Indigenous Peoples and Human Rights

May 16, 2016

Indigenous Community Police Bail out of Jail



Frontera NorteSur News: Indigenous Community Police Bail out of Jail

May 16, 2016

By Frontera NorteSur
Censored News

After spending more than 32 months in jail, six members of an Indigenous community-based police force in the southern Mexican state of Guerrero bonded out of jail on Thursday, May 12. The six Mixtec men, members of the Regional Coordinator of Community Authorities (CRAC), were detained in an August 2013 operation spearheaded by the Mexican federal police officers, soldiers and marines.

Originally charged with kidnapping, firearms violations and engaging in organized criminal activity, the men were arrested along with Nestora Salgado, commander of the community police force in the municipality of Olinala, Guerrero, who was held virtually incommunicado for more than two years before she was released on March 18 of this year.

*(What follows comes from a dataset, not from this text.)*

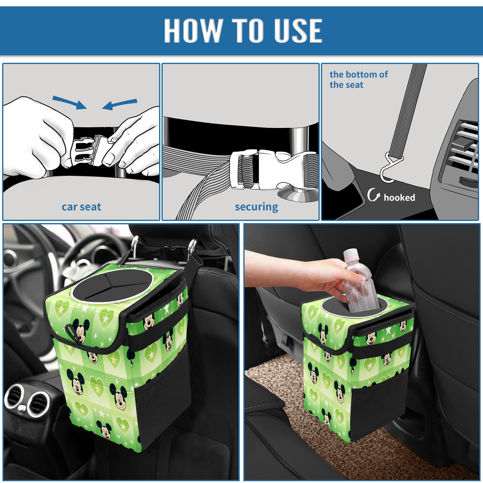 Car Garbage Can — Multi-functional, Lightweight Portable, Reusable Vehicle Trash Can, Waterproof with Sufficient Storage Capacity Mouse Green
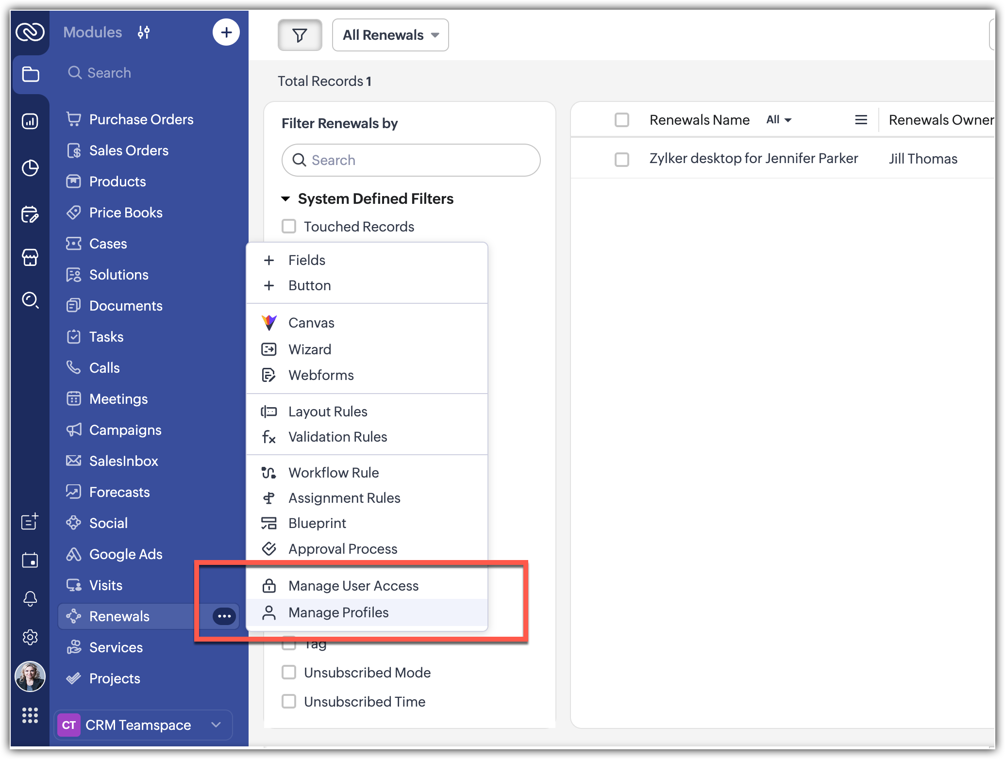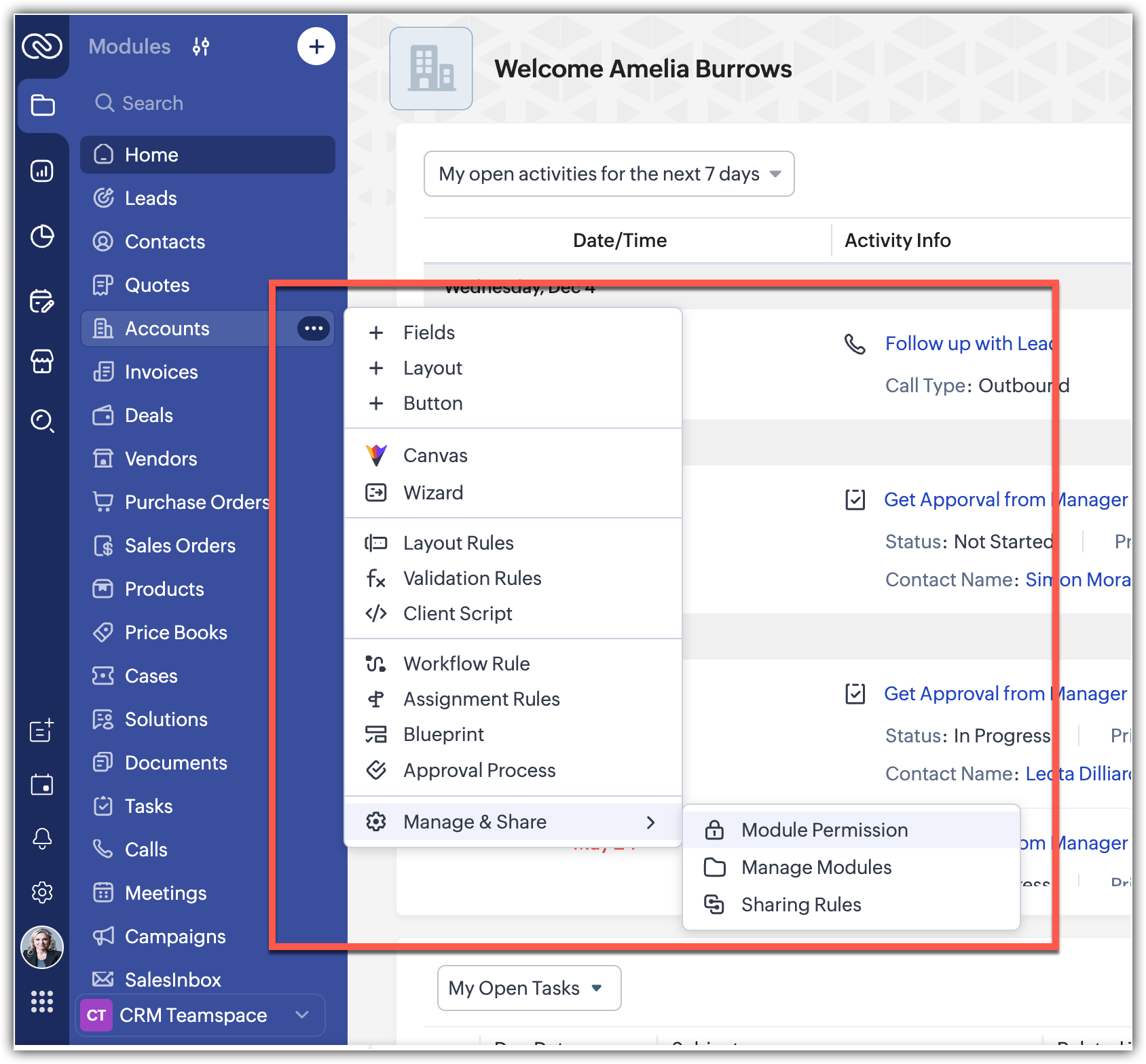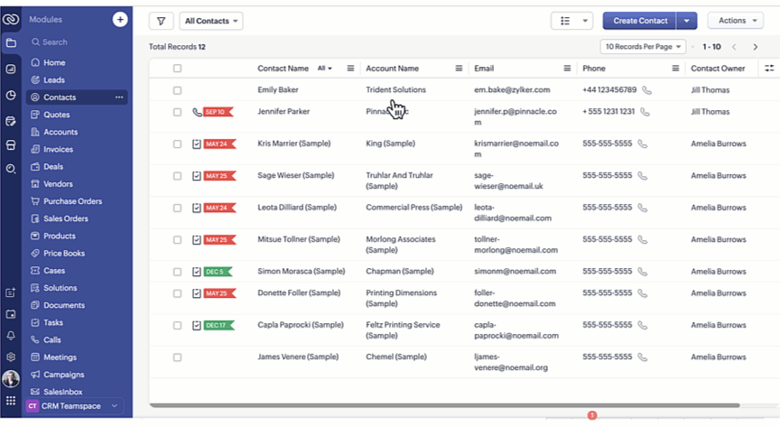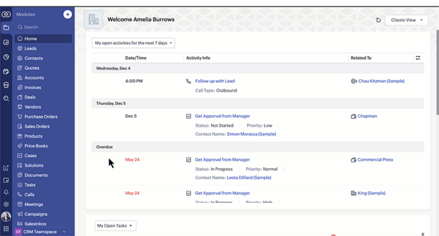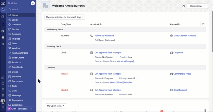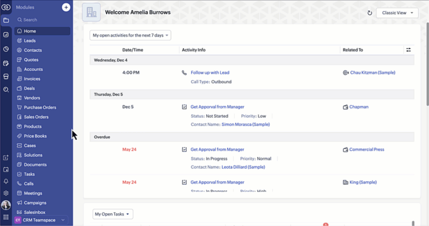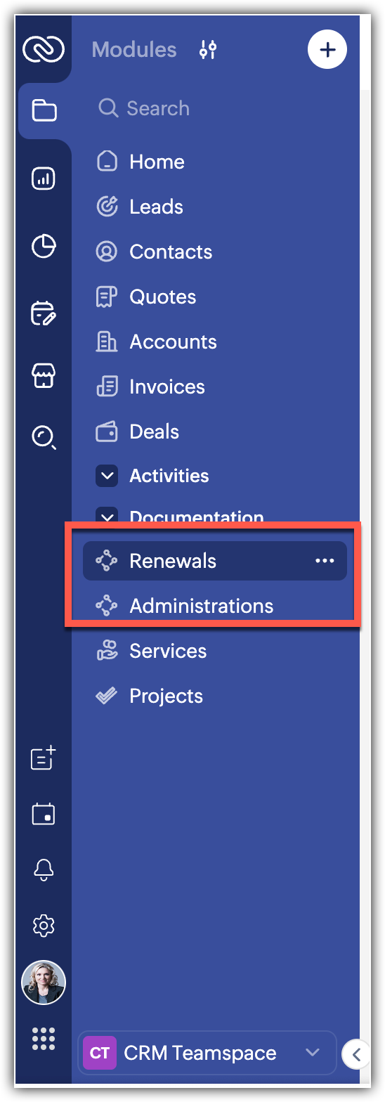 - 左侧菜单垂直组织所有关键模块,使您在 CRM 中导航更加便捷,无需过多滚动或点击。

Based in part on favorable federal court rulings for the CRAC Six reached between December 2013 and November 2015, two courts in the Guerrero cities of Ayutla and Tlapa rendered decisions last week that ended up reducing the kidnapping charge to the less serious crime of illegal privation of liberty, making the men eligible for bail.

After paying approximately $600 each, Bernardo Garcia Francisco, Angel Garcia Garcia, Eleuterio Garcia Carmen, Abad Ambrosio Francisco, Florentino Garcia Castro and Benito Morales Bustos walked out of their jail cells. The men maintained their innocence of the crimes for which they are accused.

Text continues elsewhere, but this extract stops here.